In 1985, only 4 percent of the Soviet gross national product came from imports and exports. Much of the Soviet Union’s foreign trade was done with countries that were already part of the socialist sphere.
When the Soviet Union invaded Afghanistan in 1979, the then U.S. President Jimmy Carter declared America would boycott the 1980 Olympics in Moscow, and ordered a round of economic sanctions.
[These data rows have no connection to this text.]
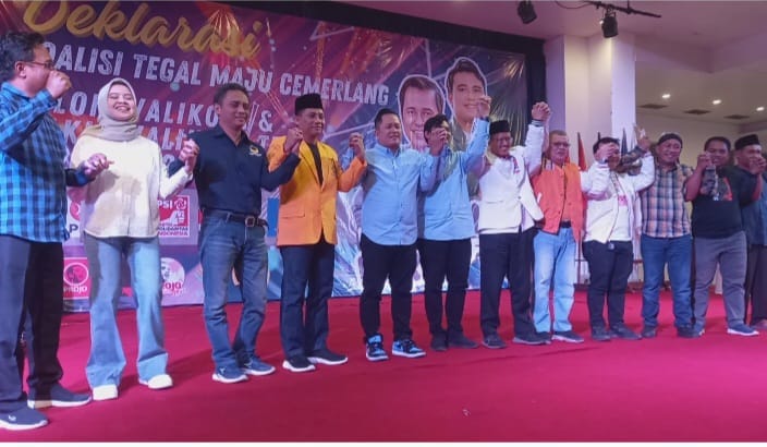 SEJUMLAH partai di Kota Tegal, Jawa Tengah, yang tergabung dalam Koalisi Tegal Maju Cemerlang (KTMC), resmi mendeklarasikan Faruq Ibnul Haqi dan Muhammad Ashim AdzDzorif Fikri untuk berlaga pada Pemilihan Kepala Daerah (Pilkada) Kota Tegal 2024.
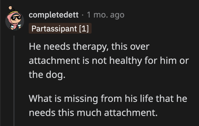 His unhealthy attachment to his dog is ruining every other relationship he has. We wish OP luck because she definitely needs it.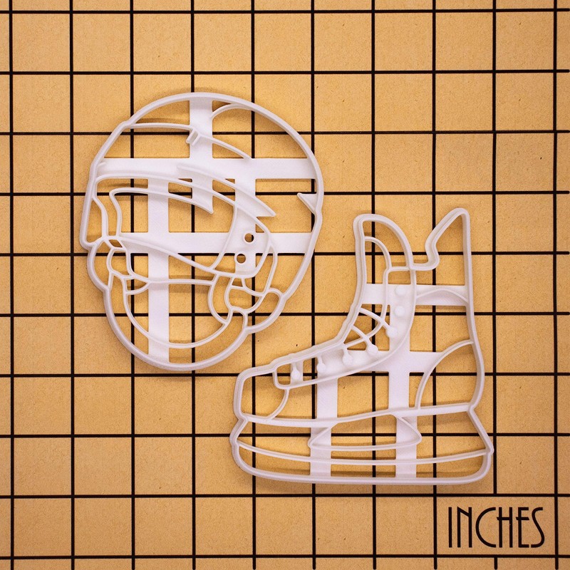 BAKERLOGY Sat of 2 Ice Hockey Cookie Cutters (Shapes: Skate, Helmet) - Detailed Cookie Cutter Design for Baking and Crafting, Ideal for Fondant, Dough, Clay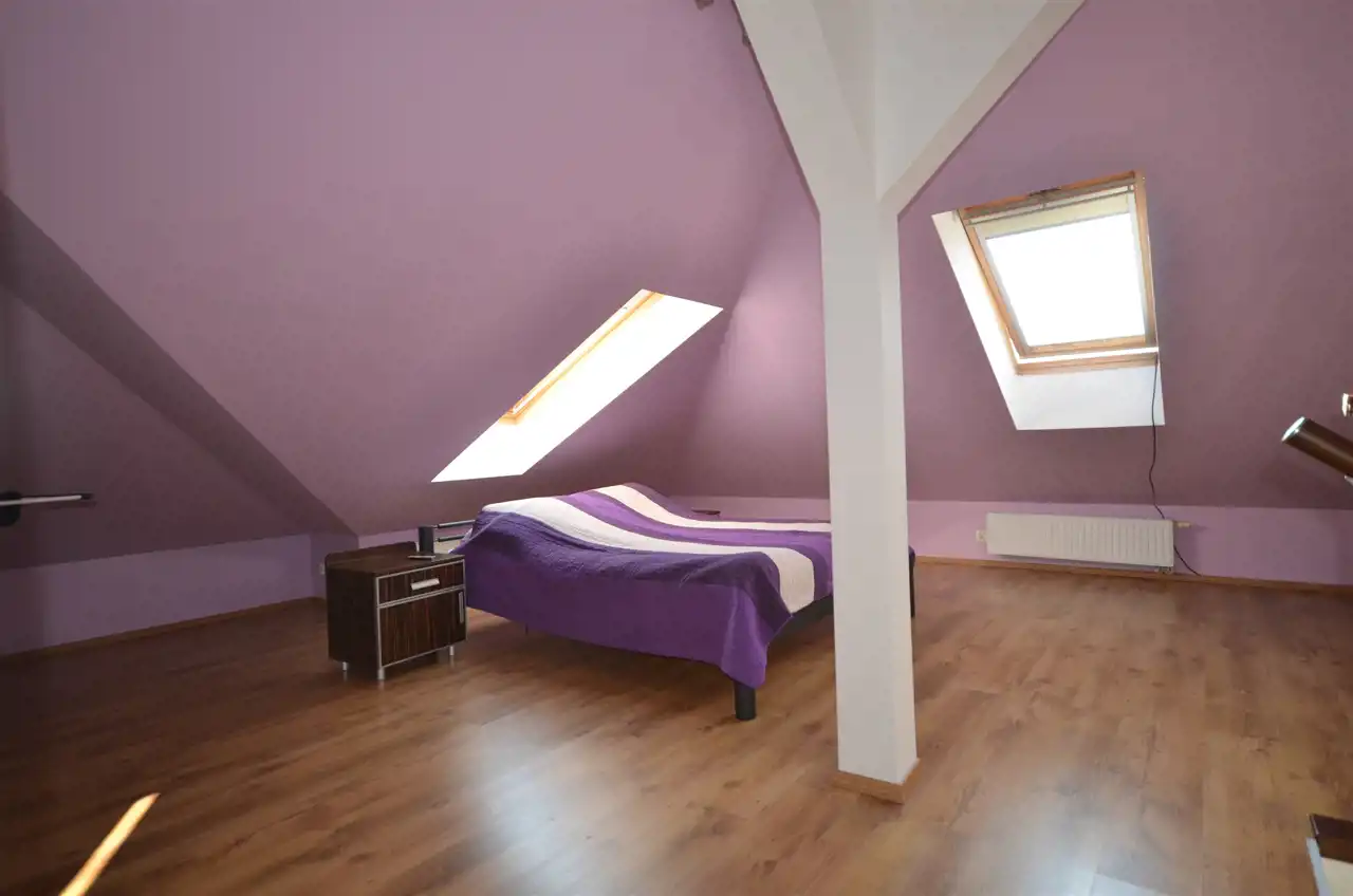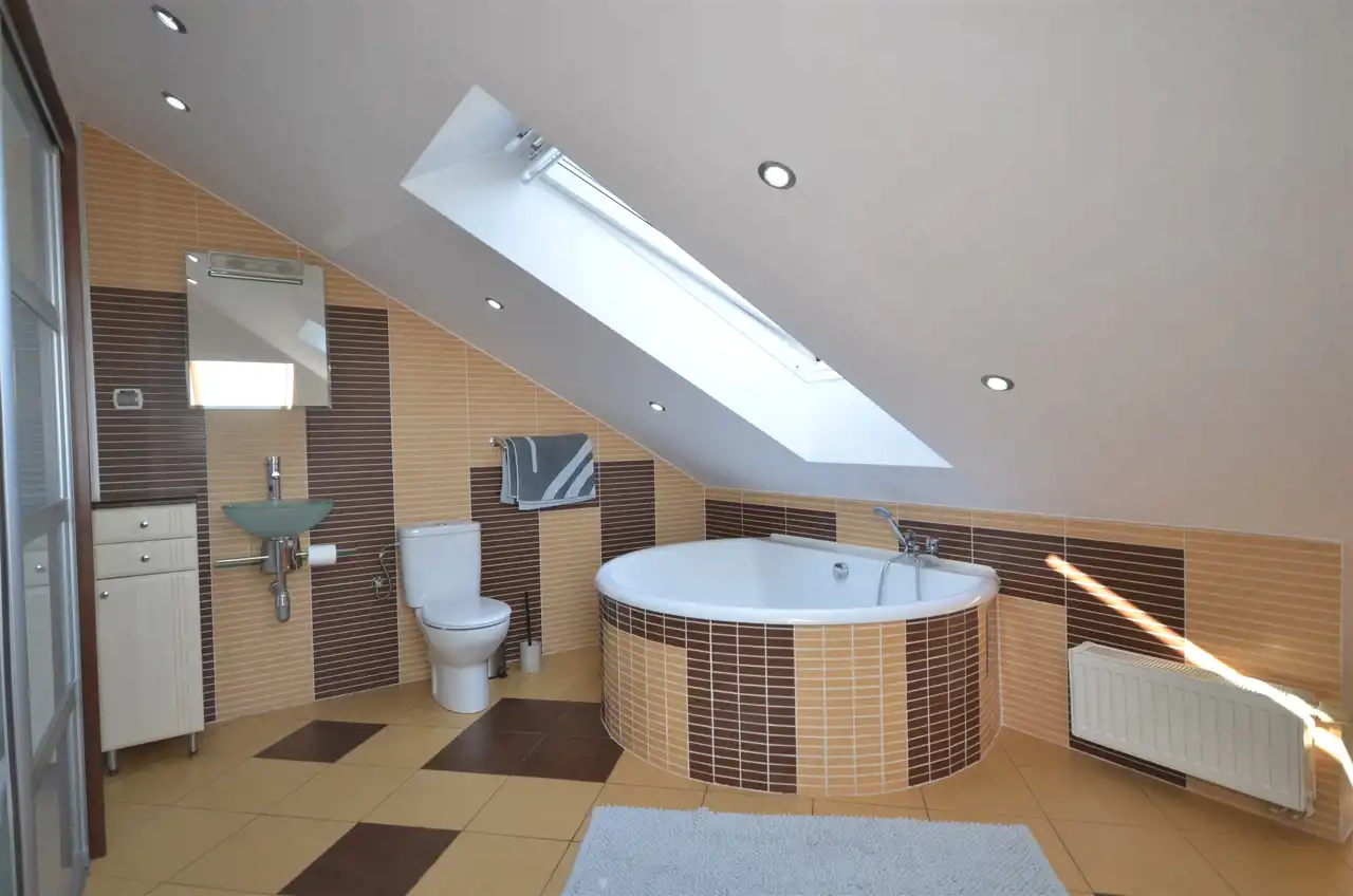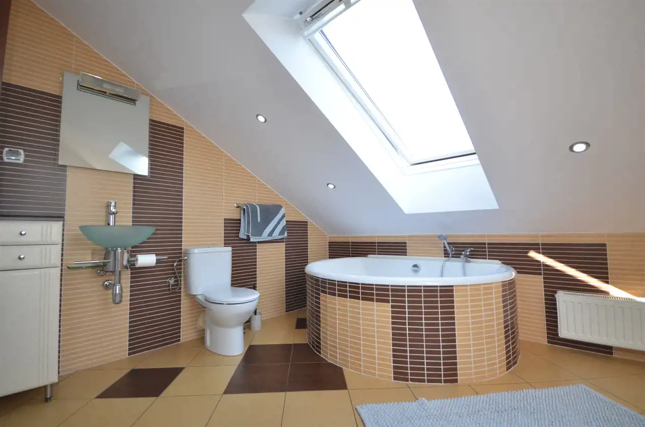 Łazienki oferują pełen komfort – jedna wyposażona w prysznic typu walk-in, druga w dużą, narożną wannę pod oknem dachowym, dzięki czemu wnętrze wypełnia naturalne światło. Uzupełnieniem jest dodatkowa toaleta, podnosząca wygodę codziennego użytkowania.

The result was the 1980 U.S. grain embargo of the Soviet Union, which had negligible impact on the Soviet economy and seemingly no effect on Soviet policies. Latin America and Europe stepped in to fill the supply gap, and the war in Afghanistan dragged on for a decade. A glut of grain in the U.S. caused domestic prices to drop, hurting U.S. farmers. President Carter’s successor, the vehemently anti-communist Ronald Reagan, lifted the embargo in 1981.
Writing about the embargo in a 1980 edition of Foreign Affairs, the political scientist Robert Paarlberg concluded:“The urge to teach someone a lesson seldom inspires sound policy.”
Today, U.S.-Russian trade remains small, although the EU is Russia’s largest trading partner.
In May, Russia finally ended a decade of negotiations and agreed to provide China with $400 billion in natural gas over 30 years.
The deal gave Russia “breathing space,” Keun-Wook Paik, a senior research fellow at the Oxford Institute, told the Associated Press. “Russia – and Putin – can demonstrate it’s not completely isolated because of the Ukraine crisis. … Russia has demonstrated that [it has] a very reliable strategic partnership with China.”